*** Opening ENTRIES SUPPLIED ***
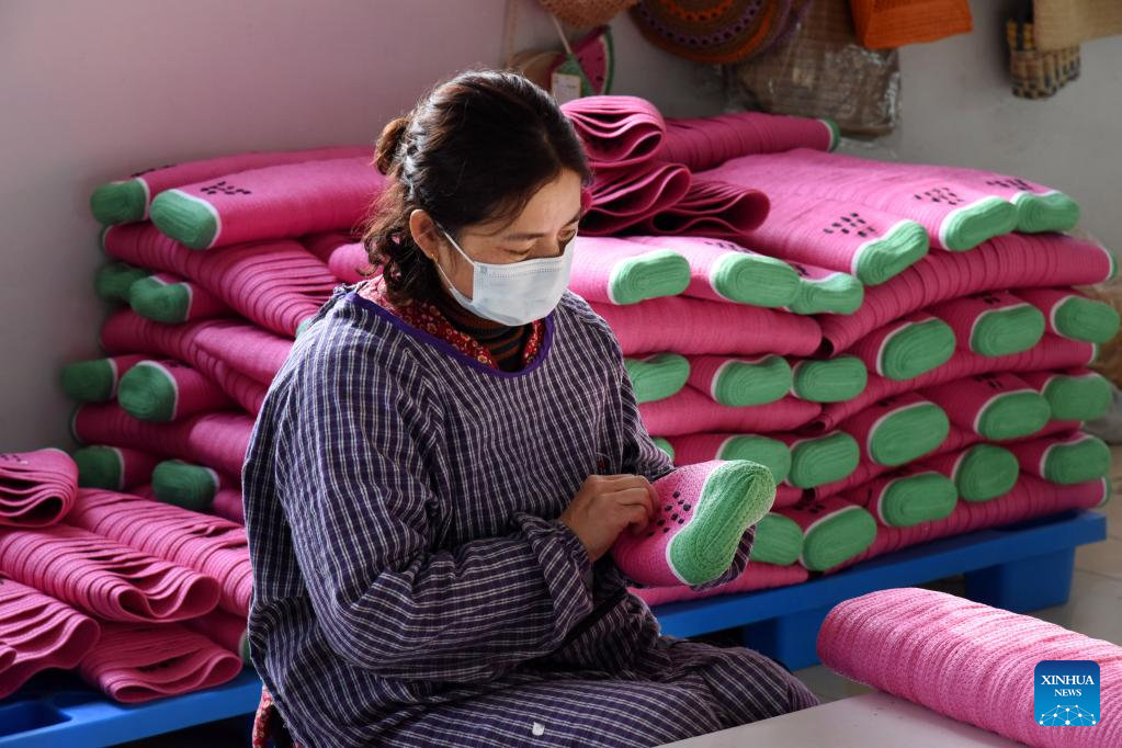 An employee makes straw weaving products at a handicraft factory in Pingdu, east China's Shandong Province, Jan. 10, 2023. (Xinhua/Li Ziheng)
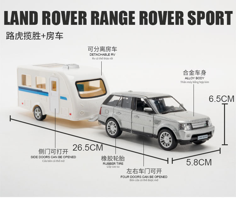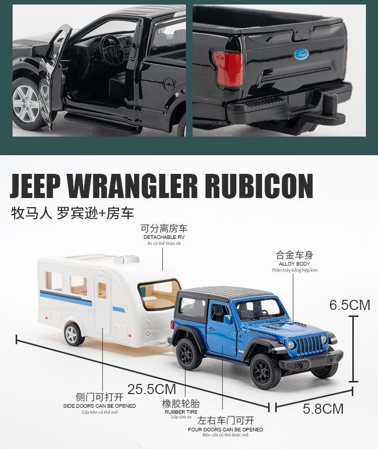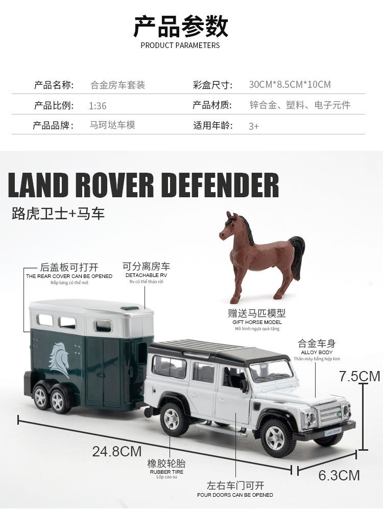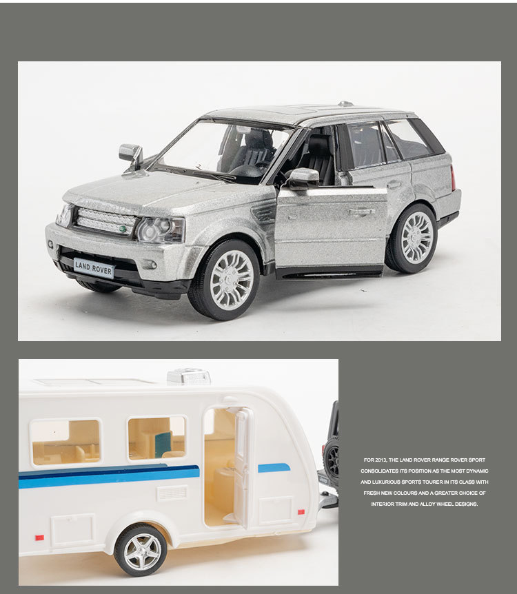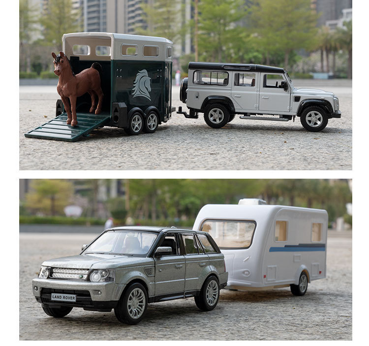 正版1:36路虎猛禽皮卡合金仿真越野车拖挂房车模型儿童男孩玩具车
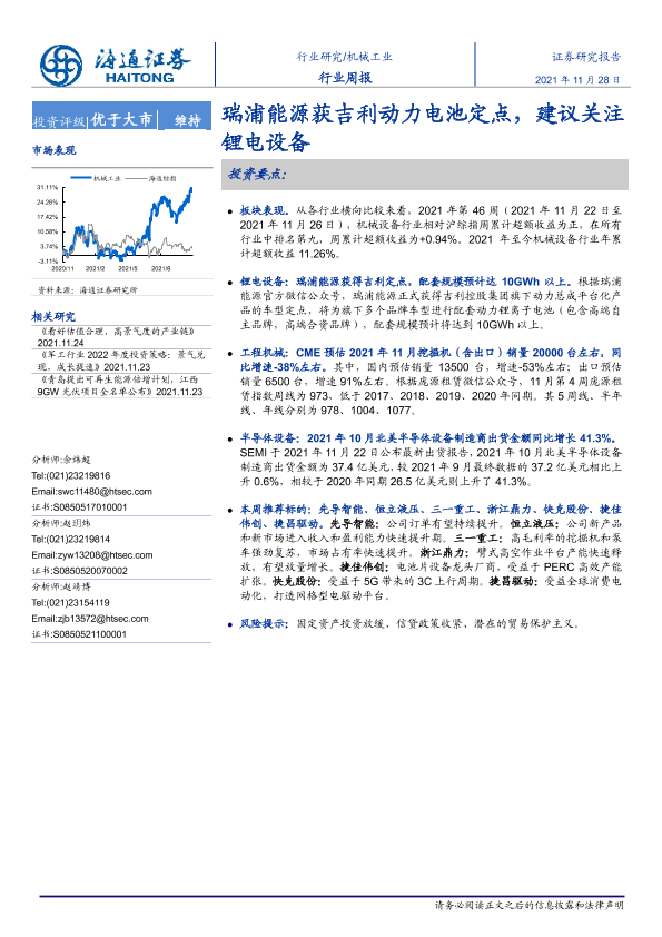 【海通证券】【20211128】20211128-海通证券-机械工业行业周报:瑞浦能源获吉利动力电池定点,建议关注锂电设备-9页
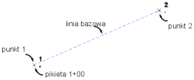 Linia bazowa biegnie od punktu 1 do 2. Punkt 1 określony jest jako pikieta 1+00. Kierunek i odległości wyrażone są w bieżących jednostkach, chyba że określony został przyrostek kwalifikacyjny.
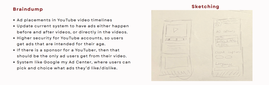 My POV statements for YouTube focus on 1. YouTube’s advertisement control and 2. accessibility to preferences like closed captions, auto play, and playback speed. For POV 1, I chose Braindump and Sketching as my main ideation techniques. Braindump is helpful because I can write down any idea and just write down whatever comes to mind, while Sketching provides a visual representation of the two best ideas.
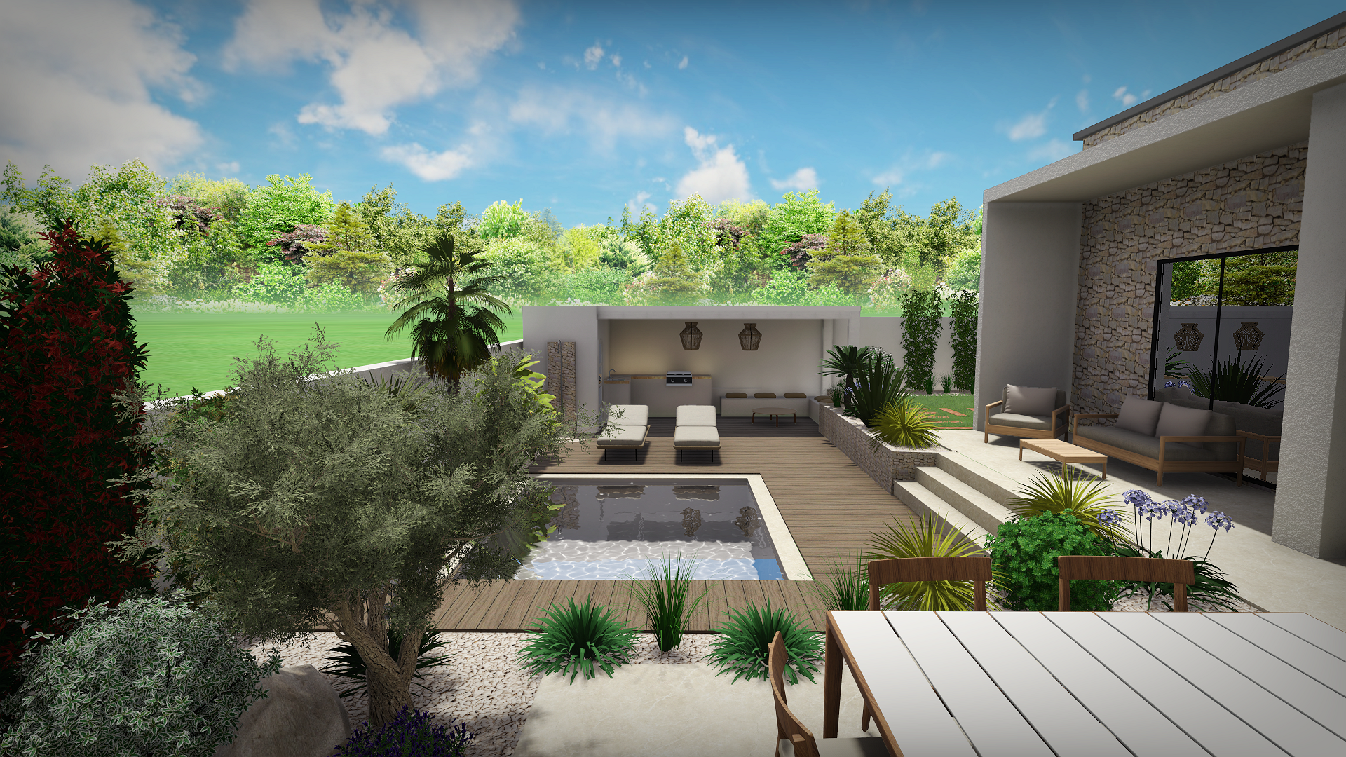 “Créez l’extérieur de vos rêves avec des aménagements 3D sur-mesure, alliant nature et design.”
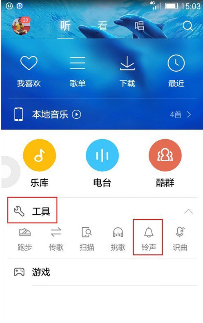 打开手机酷狗音乐,进入主界面,在“工具”栏中选择“铃声”。
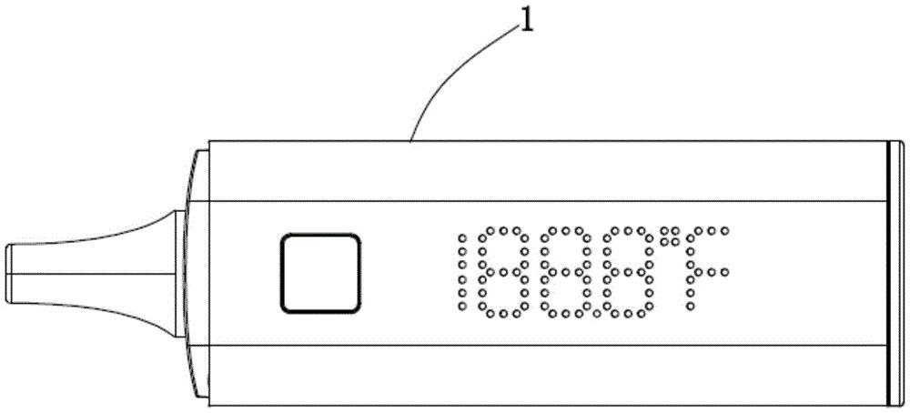 本实用新型涉及耳温枪技术领域,尤其是提供一种点阵式显示结构及耳温枪,该点阵式显示结构设于耳温枪的壳体内部,包括:PCB板、LED芯片、段码显示罩和遮光片;所述段码显示罩设置在所述PCB板上并罩住所述LED芯片,所述段码显示罩上设有多个间隔设置的段码槽,各所述段码槽内容置有至少一个所述LED芯片,所述遮光片设置在所述段码显示罩上并设有多个组成点阵显示的通孔。通过段码显示罩将PCB板上的LED芯片罩住,并通过段码槽将所需要的字符以段码的方式显示出来,然后通过遮光片上的通孔,将所需要的字符以点阵的方式显示出来,因此,通过遮光片就能将点阵显示和段码显示结合起来,使得段码显示罩具有点阵显示效果的同时还具有成本低的优点。
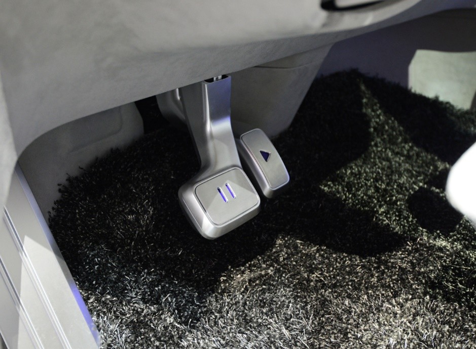 內飾部分,來到車內,你會發現整車給人的感覺很簡潔,完全不像是一輛車,整個中控設計很平整,和外觀一樣是閉合式的設計,上面沒有多餘的實體按鍵,方向盤也是跑車方向盤設計,上面配備了螢幕,一些功能可以透過觸屏來操作。新車並沒有配備中控屏,卻內建了投影,中控臺開啟後,可以展開一34英寸的大螢幕,內建了遊戲主機,娛樂設施很齊全。由於配備簡潔,車子內部空間很大,後備箱容積高達225升,底部還有108升空間用來儲物,後排座椅可以放倒,儲物空間就擴充到了1285升。
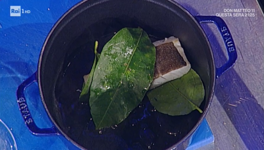 Saliamo e pepiamo i tranci di merluzzo. Lasciamo riposare per 10 minuti. Scaldiamo una padella con un filo d’olio ed una spolverata di sale. Mettiamo a cuocere il merluzzo, adagiandola dalla parte della pelle. Dopo un paio di minuti, quando la pelle è dorata, lo rigiriamo e facciamo cuocere 30 secondi. Lo togliamo e lo avvolgiamo nelle foglie di limone. Lo mettiamo in una pentola con un filo d’olio e 2-3 cucchiai di brodo vegetale o acqua. Inforniamo a 180° per 8 minuti.
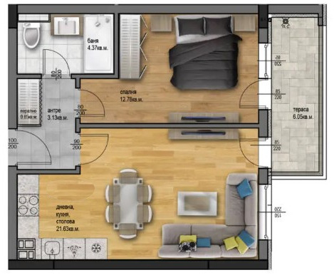 Жилището, което предлагаме за продажба е ДВУСТАЙНО С ИЗТОЧНО ИЗЛОЖЕНИЕ, състои се от дневна с кухненски бокс и трапезария-21,63 кв.м, спалня-12,78 кв.м, баня с тоалетна, входно антре, перално помещение и тераса. Обща площ 67,37 кв.м.
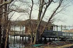 A marina house on the lake built on stilts.
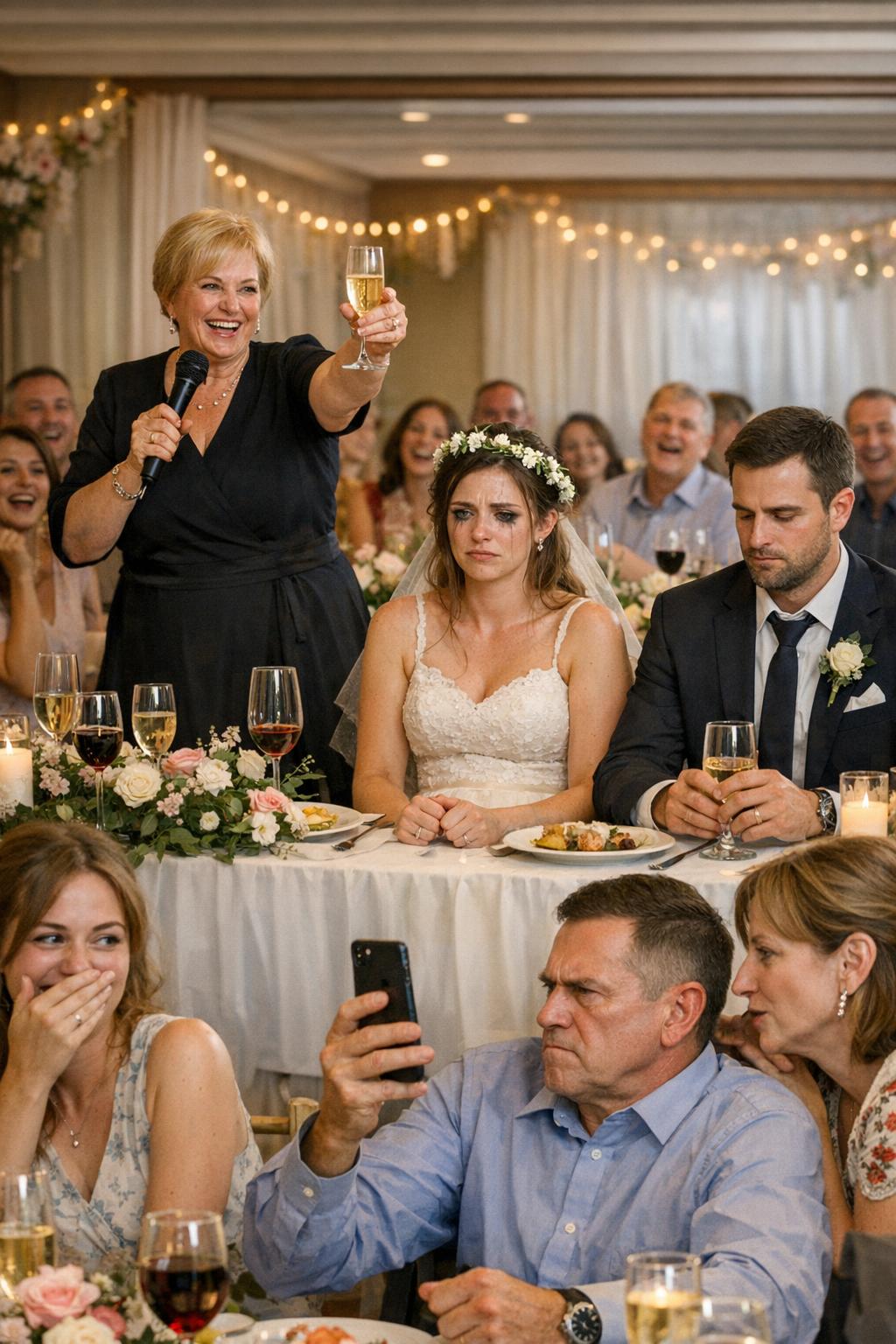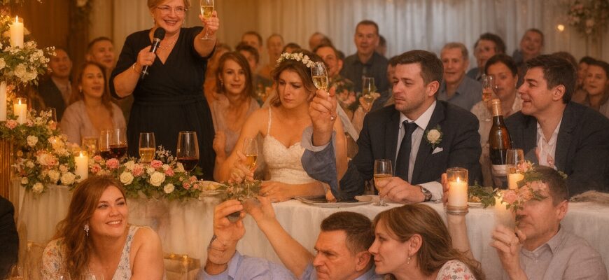 Mladé dievča pri vedľajšom stole sa naklonilo ku kamarátke: „Úbohá nevesta. To je strašné poníženie.“ Druhá bez váhania odvetila: „Natáčaš to? Hoď to na Instagram.“
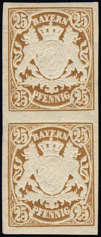 | Zusatzinformationen und Suchstichworte: | 376. Auktion Heinrich Köhler 19.-24. April 2021 Los 7184 25 Pfennig gelbbraun ungezähnt, senkrechtes Paar, sehr schön farbfrisch und allseits breitrandig, postfrisch in einwandfreier Erhaltung, untere Marke signiert Pfenninger, Fotoattest Sem BPP (2020) Zuschlag 4.600,00 EUR |
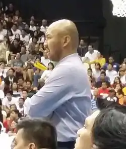 On April 29, 2014, Cariaso was named as the new head coach of Barangay Ginebra, replacing Ato Agustin.[2] Prior to this, he has no high-level head coaching experience. In fact, he has little coaching experience apart from San Mig Coffee, joining the team in 2011, one year after retiring as a player, to assist his former coach at Alaska, Tim Cone. At San Mig, he emerged as the top assistant, often taking over the reins when Cone was ejected, or when the team was getting blown out and the American coach wanted to send a message to his players.[3] His tenure as coach of the Gin Kings did not produce much success, as the team failed to go beyond the quarterfinal rounds in the 2014 Governors' Cup and in the 2014–15 Philippine Cup. Moreover, the triangle offense system he uses did not sit well with the players. At the end of their Philippine Cup campaign, he was relieved of his coaching duties and was replaced by Ato Agustin. He still has one year and two conferences left in his contract, which was bought out, paving the way to his return to Alaska as assistant coach and camp director.
*** Closing ENTRIES SUPPLIED ***
## DESCRIPTION OF THE TASK
Everything in the material above should be reproduced exactly, except the pictures.

## RESPONSE AREA
 An employee makes straw weaving products at a handicraft factory in Pingdu, east China's Shandong Province, Jan. 10, 2023. (Xinhua/Li Ziheng)
 正版1:36路虎猛禽皮卡合金仿真越野车拖挂房车模型儿童男孩玩具车
 【海通证券】【20211128】20211128-海通证券-机械工业行业周报:瑞浦能源获吉利动力电池定点,建议关注锂电设备-9页
 Linia bazowa biegnie od punktu 1 do 2. Punkt 1 określony jest jako pikieta 1+00. Kierunek i odległości wyrażone są w bieżących jednostkach, chyba że określony został przyrostek kwalifikacyjny.
 My POV statements for YouTube focus on 1. YouTube’s advertisement control and 2. accessibility to preferences like closed captions, auto play, and playback speed. For POV 1, I chose Braindump and Sketching as my main ideation techniques. Braindump is helpful because I can write down any idea and just write down whatever comes to mind, while Sketching provides a visual representation of the two best ideas.
 “Créez l’extérieur de vos rêves avec des aménagements 3D sur-mesure, alliant nature et design.”
 打开手机酷狗音乐,进入主界面,在“工具”栏中选择“铃声”。
 本实用新型涉及耳温枪技术领域,尤其是提供一种点阵式显示结构及耳温枪,该点阵式显示结构设于耳温枪的壳体内部,包括:PCB板、LED芯片、段码显示罩和遮光片;所述段码显示罩设置在所述PCB板上并罩住所述LED芯片,所述段码显示罩上设有多个间隔设置的段码槽,各所述段码槽内容置有至少一个所述LED芯片,所述遮光片设置在所述段码显示罩上并设有多个组成点阵显示的通孔。通过段码显示罩将PCB板上的LED芯片罩住,并通过段码槽将所需要的字符以段码的方式显示出来,然后通过遮光片上的通孔,将所需要的字符以点阵的方式显示出来,因此,通过遮光片就能将点阵显示和段码显示结合起来,使得段码显示罩具有点阵显示效果的同时还具有成本低的优点。
 內飾部分,來到車內,你會發現整車給人的感覺很簡潔,完全不像是一輛車,整個中控設計很平整,和外觀一樣是閉合式的設計,上面沒有多餘的實體按鍵,方向盤也是跑車方向盤設計,上面配備了螢幕,一些功能可以透過觸屏來操作。新車並沒有配備中控屏,卻內建了投影,中控臺開啟後,可以展開一34英寸的大螢幕,內建了遊戲主機,娛樂設施很齊全。由於配備簡潔,車子內部空間很大,後備箱容積高達225升,底部還有108升空間用來儲物,後排座椅可以放倒,儲物空間就擴充到了1285升。
 Saliamo e pepiamo i tranci di merluzzo. Lasciamo riposare per 10 minuti. Scaldiamo una padella con un filo d’olio ed una spolverata di sale. Mettiamo a cuocere il merluzzo, adagiandola dalla parte della pelle. Dopo un paio di minuti, quando la pelle è dorata, lo rigiriamo e facciamo cuocere 30 secondi. Lo togliamo e lo avvolgiamo nelle foglie di limone. Lo mettiamo in una pentola con un filo d’olio e 2-3 cucchiai di brodo vegetale o acqua. Inforniamo a 180° per 8 minuti.
 Жилището, което предлагаме за продажба е ДВУСТАЙНО С ИЗТОЧНО ИЗЛОЖЕНИЕ, състои се от дневна с кухненски бокс и трапезария-21,63 кв.м, спалня-12,78 кв.м, баня с тоалетна, входно антре, перално помещение и тераса. Обща площ 67,37 кв.м.
 A marina house on the lake built on stilts.
 Mladé dievča pri vedľajšom stole sa naklonilo ku kamarátke: „Úbohá nevesta. To je strašné poníženie.“ Druhá bez váhania odvetila: „Natáčaš to? Hoď to na Instagram.“
 | Zusatzinformationen und Suchstichworte: | 376. Auktion Heinrich Köhler 19.-24. April 2021 Los 7184 25 Pfennig gelbbraun ungezähnt, senkrechtes Paar, sehr schön farbfrisch und allseits breitrandig, postfrisch in einwandfreier Erhaltung, untere Marke signiert Pfenninger, Fotoattest Sem BPP (2020) Zuschlag 4.600,00 EUR |
 On April 29, 2014, Cariaso was named as the new head coach of Barangay Ginebra, replacing Ato Agustin.[2] Prior to this, he has no high-level head coaching experience. In fact, he has little coaching experience apart from San Mig Coffee, joining the team in 2011, one year after retiring as a player, to assist his former coach at Alaska, Tim Cone. At San Mig, he emerged as the top assistant, often taking over the reins when Cone was ejected, or when the team was getting blown out and the American coach wanted to send a message to his players.[3] His tenure as coach of the Gin Kings did not produce much success, as the team failed to go beyond the quarterfinal rounds in the 2014 Governors' Cup and in the 2014–15 Philippine Cup. Moreover, the triangle offense system he uses did not sit well with the players. At the end of their Philippine Cup campaign, he was relieved of his coaching duties and was replaced by Ato Agustin. He still has one year and two conferences left in his contract, which was bought out, paving the way to his return to Alaska as assistant coach and camp director.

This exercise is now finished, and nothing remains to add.